[INFORMATION PROVIDED]

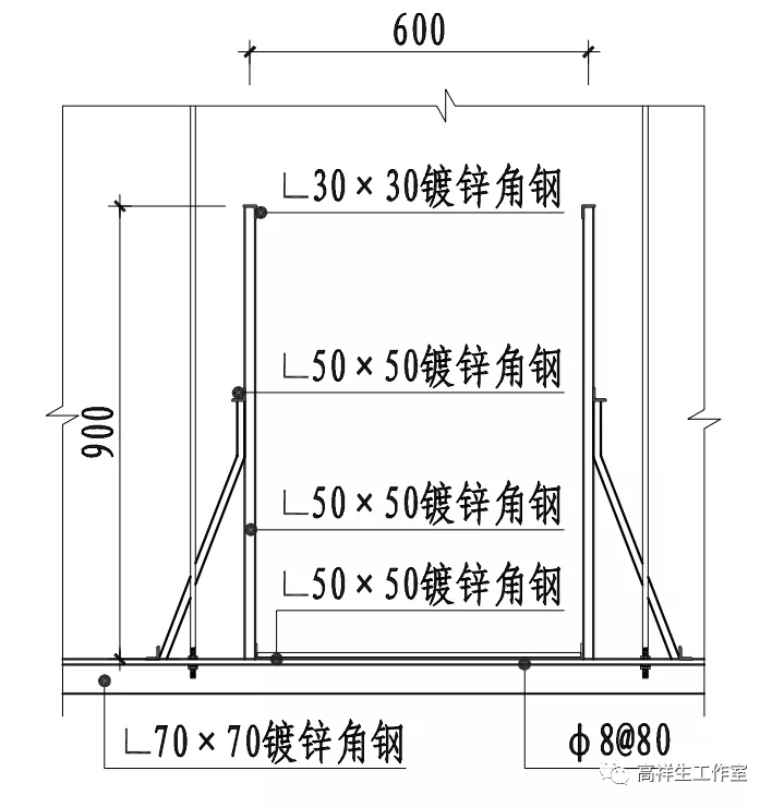 图 13-1-36 角钢马道顶棚构造节点图(一)
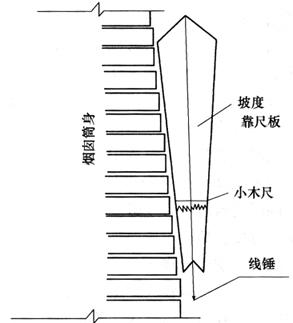 图10-44 旋转尺杆 筒体每施工10m左右,还应向施工作业面用经纬仪引测一次中心,对筒体进行检查。检查时,把经纬仪安置在各轴线控制桩上,瞄准各轴线相应一侧的定位小木桩a、b、c、d,将轴线投测到施工面边上,并作标记,然后将相对的两个标记拉线,两线交点为烟囱中心线。如果有偏差,应立即进行纠正。 对高度较高的混凝土烟囱,为保证精度要求,可采用激光经纬仪进行烟囱铅垂定位。定位时将激光经纬仪安置在烟囱基础的“+”字交点上,在工作面中央处安放激光铅垂仪接收靶,每次提升工作平台前和后都应进行铅垂定位测量,并及时调整偏差。 (2)筒体外壁收坡的控制 为了保证筒身收坡符合设计要求,除了用尺杆画圆控制外,还应随时用靠尺板来检查。靠尺形状如图10-45所示,两侧的斜边是严格按照设计要求的筒壁收坡系数制作的。在使用过程中,把斜边紧靠在筒体外侧,如筒体的收坡符合要求,则垂球线正好通过下端的缺口。如收坡控制不好,可通过坡度尺上小木尺读数反映其偏差大小,以便使筒体收坡及时得到控制。
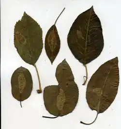 Гусеницы образуют мины на листьях розоцветных яблоне, груше, рябине, сливе, айве, вишне, боярышнике, мушмуле, ирге и кизильнике[3][1]. На севере ареала может развиваться на берёзе[1].
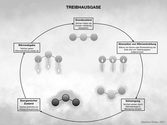 Das Bild verdeutlicht das Thema Treibhausgase. Bild-Variante: s/w; beschriftet. Es gelten die Nutzungsbedingungen der Mediothek und Pixiothek.
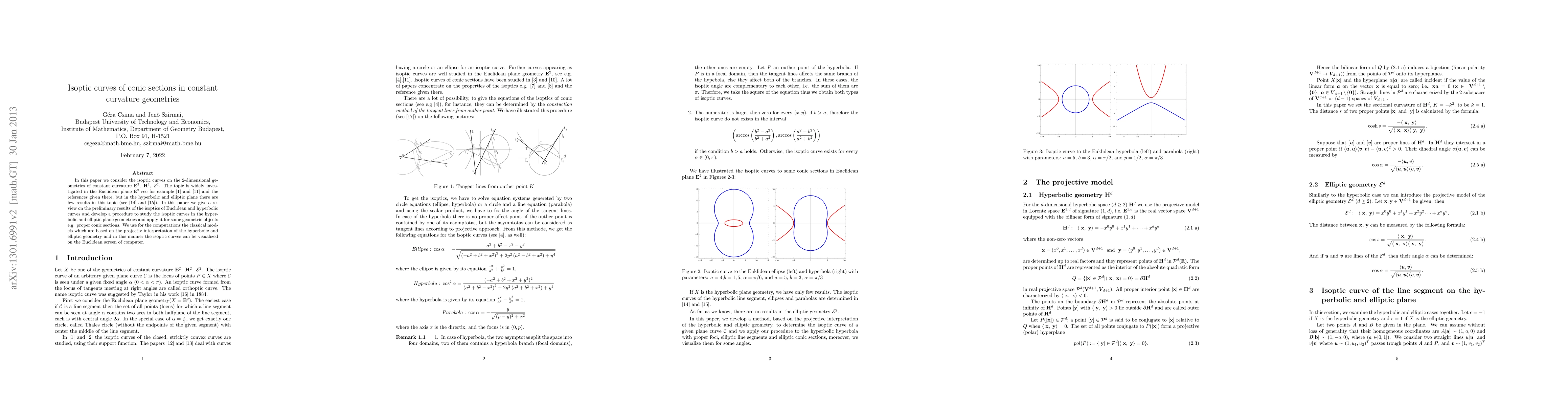 In this paper we consider the isoptic curves on the 2-dimensional geometries of constant curvature $\bE^2,~\bH^2,~\cE^2$. The topic is widely investigated in the Euclidean plane $\bE^2$ see for example \cite{CMM91} and \cite{Wi} and the references given there, but in the hyperbolic and elliptic plane there are few results in this topic (see \cite{CsSz1} and \cite{CsSz2}). In this paper we give a review on the preliminary results of the isoptics of Euclidean and hyperbolic curves and develop a procedure to study the isoptic curves in the hyperbolic and elliptic plane geometries and apply it for some geometric objects e.g. proper conic sections. We use for the computations the classical models which are based on the projectiv interpretation of the hyperbolic and elliptic geometry and in this manner the isoptic curves can be visualized on the Euclidean screen of computer.
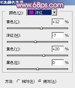 3、创建可选颜色调整图层,对黄、蓝、洋红、白、中性、黑进行调整,参数设置如图6 - 11,效果如图12。这一步给图片增加橙黄色。
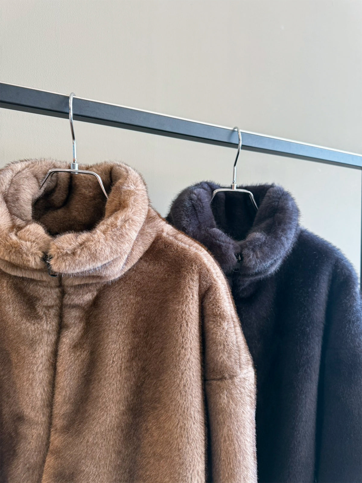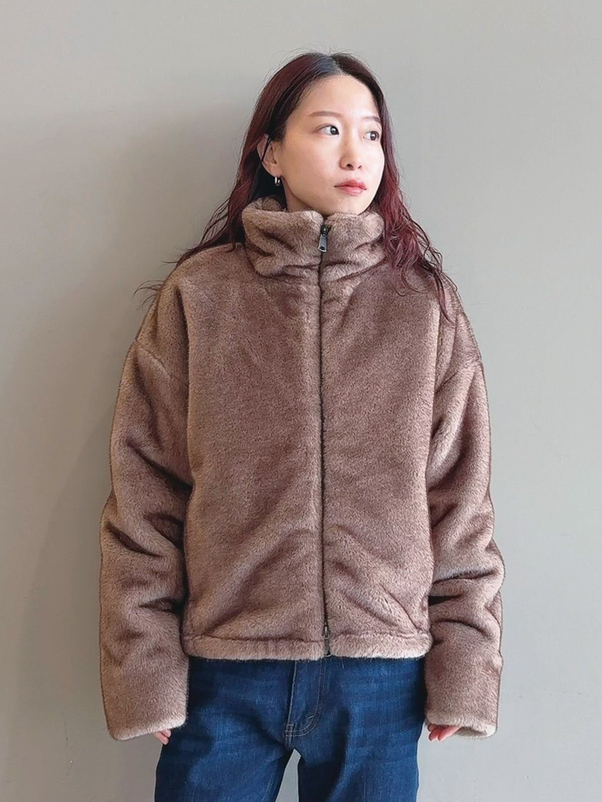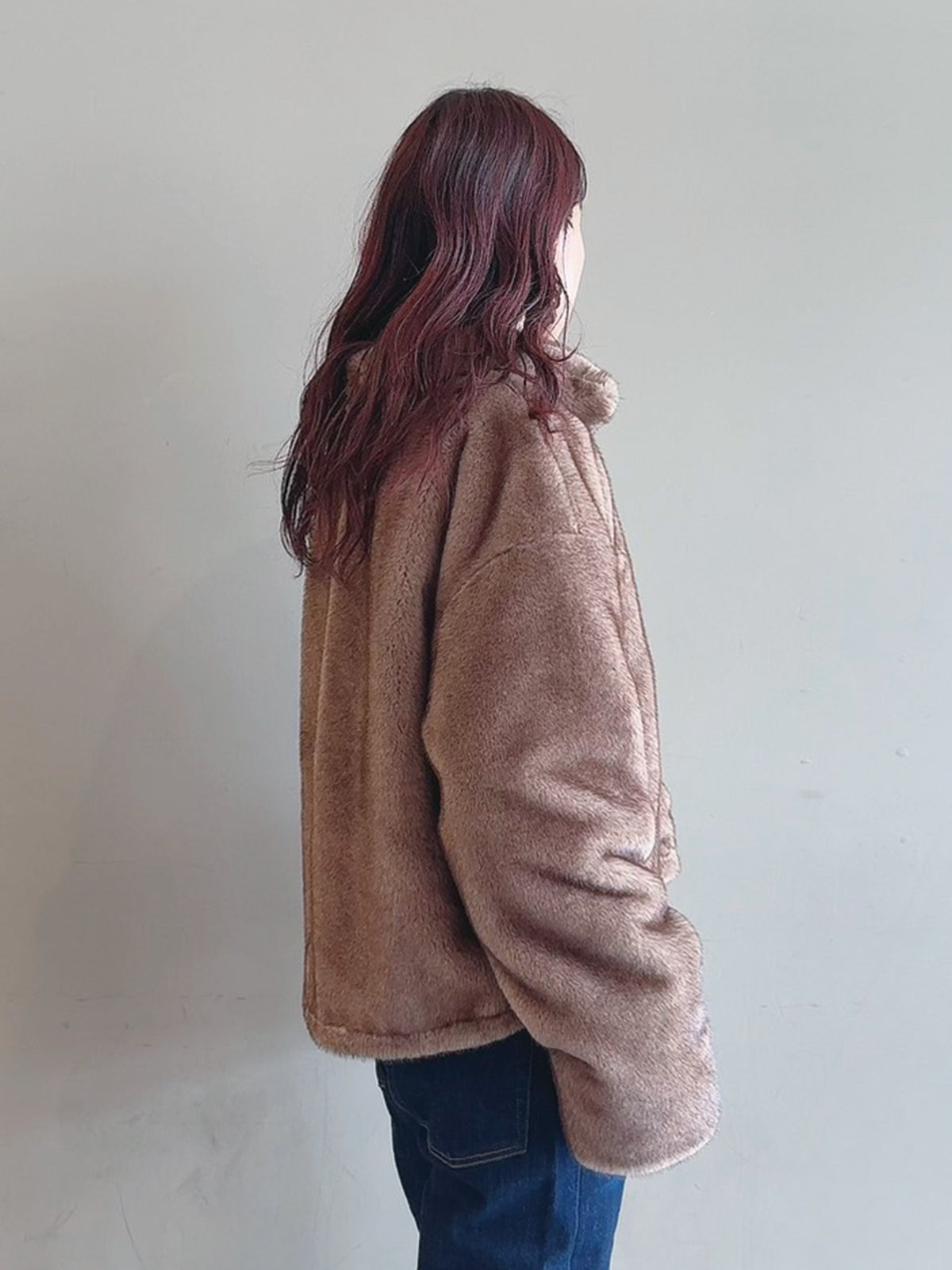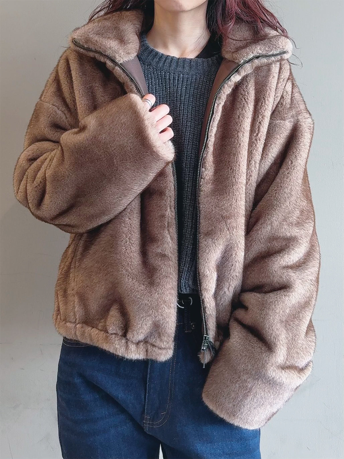 ヒップがすっぽりと隠れるたっぷりしたシルエットと、トレンド感のあるスタンドカラーのフェイクファーブルゾン。 フロントがジップタイプのデザインなのでカジュアルダウンし、ゴージャスになりやすいファーアイテムが普段使いしやすくなります。

[/INFORMATION PROVIDED]

WORK ORDER:
Except for the pictures, set down all of the records exactly as they are.

OUTPUT FOR THIS TASK:
 图 13-1-36 角钢马道顶棚构造节点图(一)
 图10-44 旋转尺杆 筒体每施工10m左右,还应向施工作业面用经纬仪引测一次中心,对筒体进行检查。检查时,把经纬仪安置在各轴线控制桩上,瞄准各轴线相应一侧的定位小木桩a、b、c、d,将轴线投测到施工面边上,并作标记,然后将相对的两个标记拉线,两线交点为烟囱中心线。如果有偏差,应立即进行纠正。 对高度较高的混凝土烟囱,为保证精度要求,可采用激光经纬仪进行烟囱铅垂定位。定位时将激光经纬仪安置在烟囱基础的“+”字交点上,在工作面中央处安放激光铅垂仪接收靶,每次提升工作平台前和后都应进行铅垂定位测量,并及时调整偏差。 (2)筒体外壁收坡的控制 为了保证筒身收坡符合设计要求,除了用尺杆画圆控制外,还应随时用靠尺板来检查。靠尺形状如图10-45所示,两侧的斜边是严格按照设计要求的筒壁收坡系数制作的。在使用过程中,把斜边紧靠在筒体外侧,如筒体的收坡符合要求,则垂球线正好通过下端的缺口。如收坡控制不好,可通过坡度尺上小木尺读数反映其偏差大小,以便使筒体收坡及时得到控制。
 Гусеницы образуют мины на листьях розоцветных яблоне, груше, рябине, сливе, айве, вишне, боярышнике, мушмуле, ирге и кизильнике[3][1]. На севере ареала может развиваться на берёзе[1].
 Das Bild verdeutlicht das Thema Treibhausgase. Bild-Variante: s/w; beschriftet. Es gelten die Nutzungsbedingungen der Mediothek und Pixiothek.
 In this paper we consider the isoptic curves on the 2-dimensional geometries of constant curvature $\bE^2,~\bH^2,~\cE^2$. The topic is widely investigated in the Euclidean plane $\bE^2$ see for example \cite{CMM91} and \cite{Wi} and the references given there, but in the hyperbolic and elliptic plane there are few results in this topic (see \cite{CsSz1} and \cite{CsSz2}). In this paper we give a review on the preliminary results of the isoptics of Euclidean and hyperbolic curves and develop a procedure to study the isoptic curves in the hyperbolic and elliptic plane geometries and apply it for some geometric objects e.g. proper conic sections. We use for the computations the classical models which are based on the projectiv interpretation of the hyperbolic and elliptic geometry and in this manner the isoptic curves can be visualized on the Euclidean screen of computer.
 3、创建可选颜色调整图层,对黄、蓝、洋红、白、中性、黑进行调整,参数设置如图6 - 11,效果如图12。这一步给图片增加橙黄色。
 ヒップがすっぽりと隠れるたっぷりしたシルエットと、トレンド感のあるスタンドカラーのフェイクファーブルゾン。 フロントがジップタイプのデザインなのでカジュアルダウンし、ゴージャスになりやすいファーアイテムが普段使いしやすくなります。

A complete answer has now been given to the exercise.